== Segment start ==

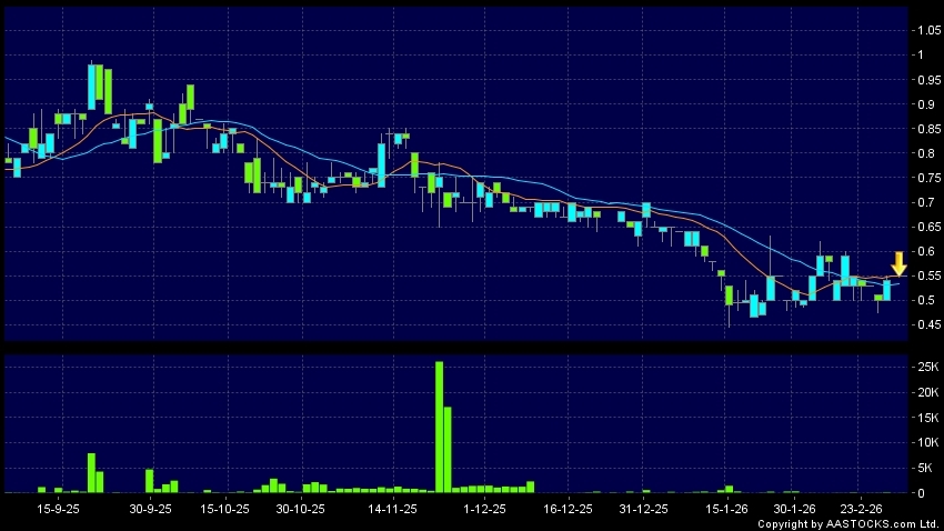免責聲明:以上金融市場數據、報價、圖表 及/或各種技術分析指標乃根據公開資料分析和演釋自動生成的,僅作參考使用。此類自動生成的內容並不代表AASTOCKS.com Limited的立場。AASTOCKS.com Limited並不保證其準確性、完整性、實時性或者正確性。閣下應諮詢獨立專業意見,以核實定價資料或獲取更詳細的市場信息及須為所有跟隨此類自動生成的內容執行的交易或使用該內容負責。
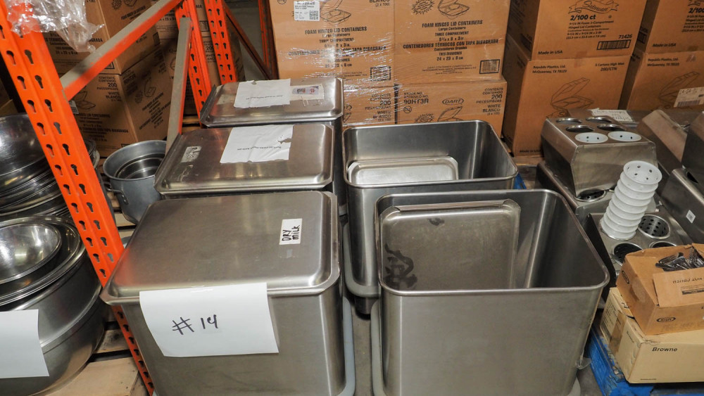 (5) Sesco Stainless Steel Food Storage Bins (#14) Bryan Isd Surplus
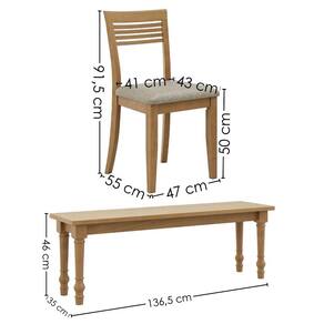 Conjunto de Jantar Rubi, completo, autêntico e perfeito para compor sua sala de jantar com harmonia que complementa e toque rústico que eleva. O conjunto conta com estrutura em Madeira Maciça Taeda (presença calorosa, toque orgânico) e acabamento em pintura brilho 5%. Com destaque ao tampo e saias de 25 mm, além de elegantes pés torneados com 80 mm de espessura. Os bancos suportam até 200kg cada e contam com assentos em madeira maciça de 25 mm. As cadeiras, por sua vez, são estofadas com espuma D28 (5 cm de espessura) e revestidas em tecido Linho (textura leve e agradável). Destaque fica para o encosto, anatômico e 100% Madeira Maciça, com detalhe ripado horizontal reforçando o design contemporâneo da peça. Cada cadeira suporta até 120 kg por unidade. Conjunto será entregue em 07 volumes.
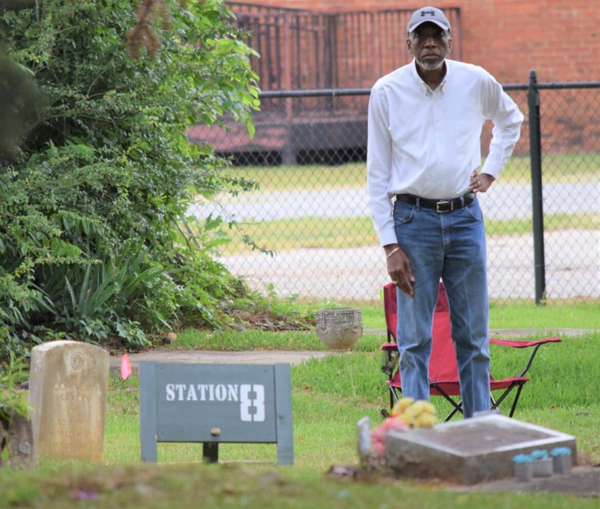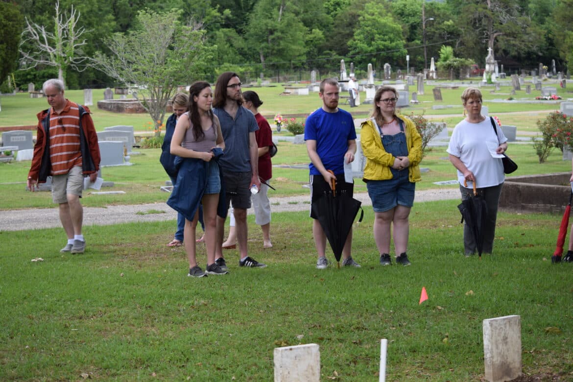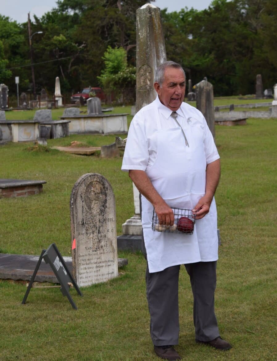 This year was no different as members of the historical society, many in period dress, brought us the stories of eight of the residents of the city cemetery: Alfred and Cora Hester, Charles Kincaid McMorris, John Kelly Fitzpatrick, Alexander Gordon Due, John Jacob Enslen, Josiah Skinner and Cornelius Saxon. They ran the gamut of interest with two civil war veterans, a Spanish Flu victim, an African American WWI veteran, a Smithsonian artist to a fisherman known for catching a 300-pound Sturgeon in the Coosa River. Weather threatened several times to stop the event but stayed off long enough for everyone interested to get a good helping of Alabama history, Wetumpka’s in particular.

== Segment end ==
== Segment start ==

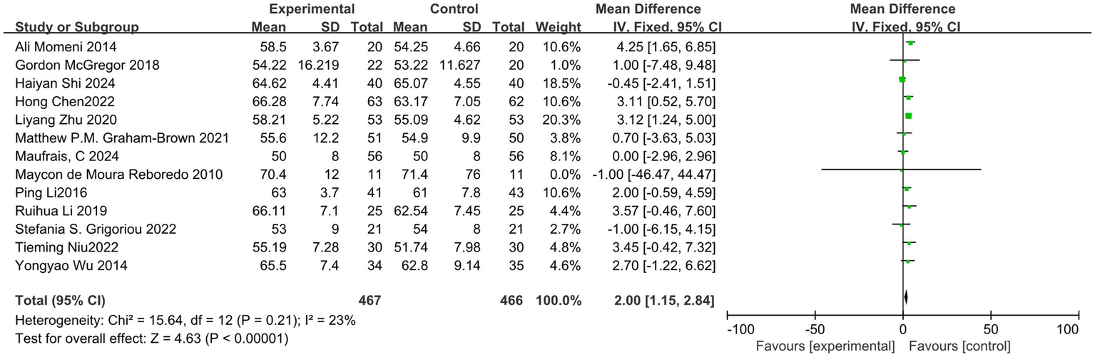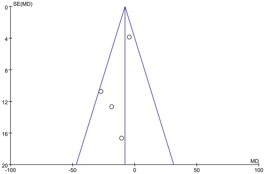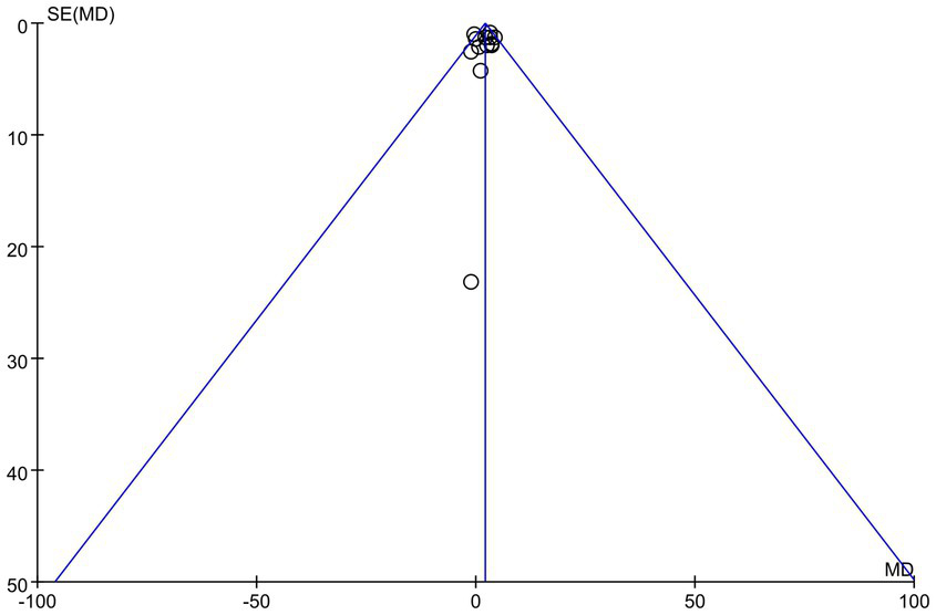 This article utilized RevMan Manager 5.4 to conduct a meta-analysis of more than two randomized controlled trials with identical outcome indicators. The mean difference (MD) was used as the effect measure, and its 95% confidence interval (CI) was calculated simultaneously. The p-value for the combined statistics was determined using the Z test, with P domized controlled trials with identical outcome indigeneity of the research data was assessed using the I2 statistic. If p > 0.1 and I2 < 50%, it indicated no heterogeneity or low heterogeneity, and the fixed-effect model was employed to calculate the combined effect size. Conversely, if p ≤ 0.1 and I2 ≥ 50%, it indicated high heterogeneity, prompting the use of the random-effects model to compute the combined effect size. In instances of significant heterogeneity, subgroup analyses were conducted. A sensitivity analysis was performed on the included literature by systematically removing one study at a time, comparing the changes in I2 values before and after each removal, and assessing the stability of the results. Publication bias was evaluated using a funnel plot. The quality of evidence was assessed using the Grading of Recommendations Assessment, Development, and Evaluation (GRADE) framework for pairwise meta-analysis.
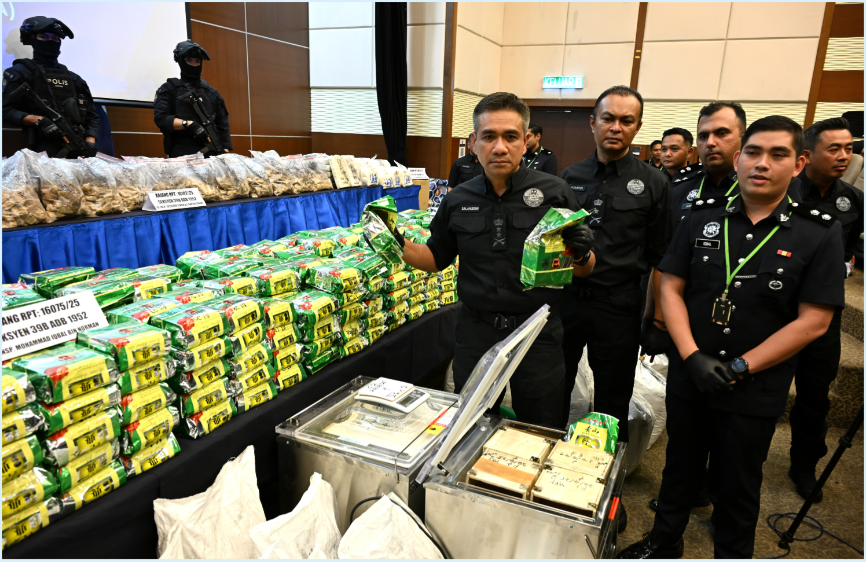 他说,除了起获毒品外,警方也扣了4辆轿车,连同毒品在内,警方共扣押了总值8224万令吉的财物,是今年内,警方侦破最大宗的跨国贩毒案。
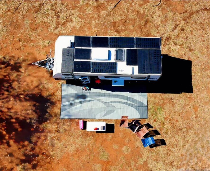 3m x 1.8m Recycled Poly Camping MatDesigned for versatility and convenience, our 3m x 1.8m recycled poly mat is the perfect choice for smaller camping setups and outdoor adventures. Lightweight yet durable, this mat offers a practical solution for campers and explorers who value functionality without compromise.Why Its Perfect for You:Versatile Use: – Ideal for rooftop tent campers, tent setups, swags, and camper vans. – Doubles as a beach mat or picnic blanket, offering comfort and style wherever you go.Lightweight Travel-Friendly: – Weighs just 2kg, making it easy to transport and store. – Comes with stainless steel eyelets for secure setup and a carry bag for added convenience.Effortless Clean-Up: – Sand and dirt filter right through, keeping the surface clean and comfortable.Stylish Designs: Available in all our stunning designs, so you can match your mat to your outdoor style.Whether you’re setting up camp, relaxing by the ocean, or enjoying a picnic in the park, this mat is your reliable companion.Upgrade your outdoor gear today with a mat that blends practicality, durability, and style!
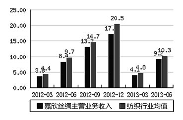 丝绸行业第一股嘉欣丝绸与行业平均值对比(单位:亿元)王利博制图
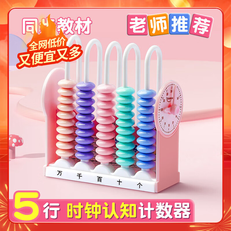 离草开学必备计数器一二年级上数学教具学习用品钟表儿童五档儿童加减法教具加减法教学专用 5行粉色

== Segment end ==
== Segment start ==

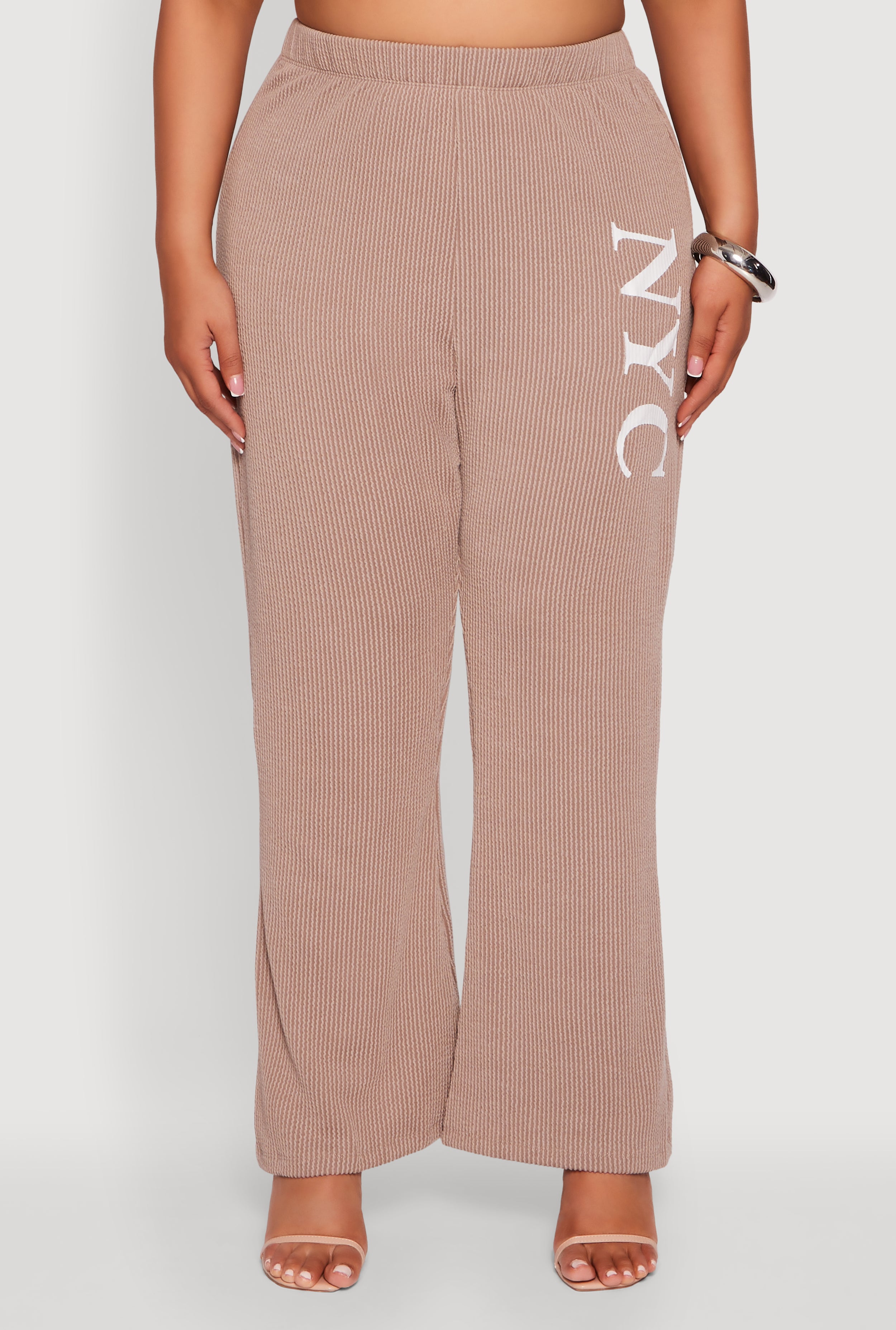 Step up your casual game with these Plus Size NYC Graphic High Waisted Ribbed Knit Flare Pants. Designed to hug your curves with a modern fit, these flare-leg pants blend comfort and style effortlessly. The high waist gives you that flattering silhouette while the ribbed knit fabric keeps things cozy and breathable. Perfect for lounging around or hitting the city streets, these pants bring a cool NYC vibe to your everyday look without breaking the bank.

== Segment end ==

WHAT YOU SHOULD DO – Please repeat the lines of the material above exactly, starting with the line that contains "3m x 1.8m Recycled Poly Camping" and ending with the line that contains "离草开学必备计数器一二年级上". Leave the pictures out.

YOUR RESPONSE –
 3m x 1.8m Recycled Poly Camping MatDesigned for versatility and convenience, our 3m x 1.8m recycled poly mat is the perfect choice for smaller camping setups and outdoor adventures. Lightweight yet durable, this mat offers a practical solution for campers and explorers who value functionality without compromise.Why Its Perfect for You:Versatile Use: – Ideal for rooftop tent campers, tent setups, swags, and camper vans. – Doubles as a beach mat or picnic blanket, offering comfort and style wherever you go.Lightweight Travel-Friendly: – Weighs just 2kg, making it easy to transport and store. – Comes with stainless steel eyelets for secure setup and a carry bag for added convenience.Effortless Clean-Up: – Sand and dirt filter right through, keeping the surface clean and comfortable.Stylish Designs: Available in all our stunning designs, so you can match your mat to your outdoor style.Whether you’re setting up camp, relaxing by the ocean, or enjoying a picnic in the park, this mat is your reliable companion.Upgrade your outdoor gear today with a mat that blends practicality, durability, and style!
 丝绸行业第一股嘉欣丝绸与行业平均值对比(单位:亿元)王利博制图
 离草开学必备计数器一二年级上数学教具学习用品钟表儿童五档儿童加减法教具加减法教学专用 5行粉色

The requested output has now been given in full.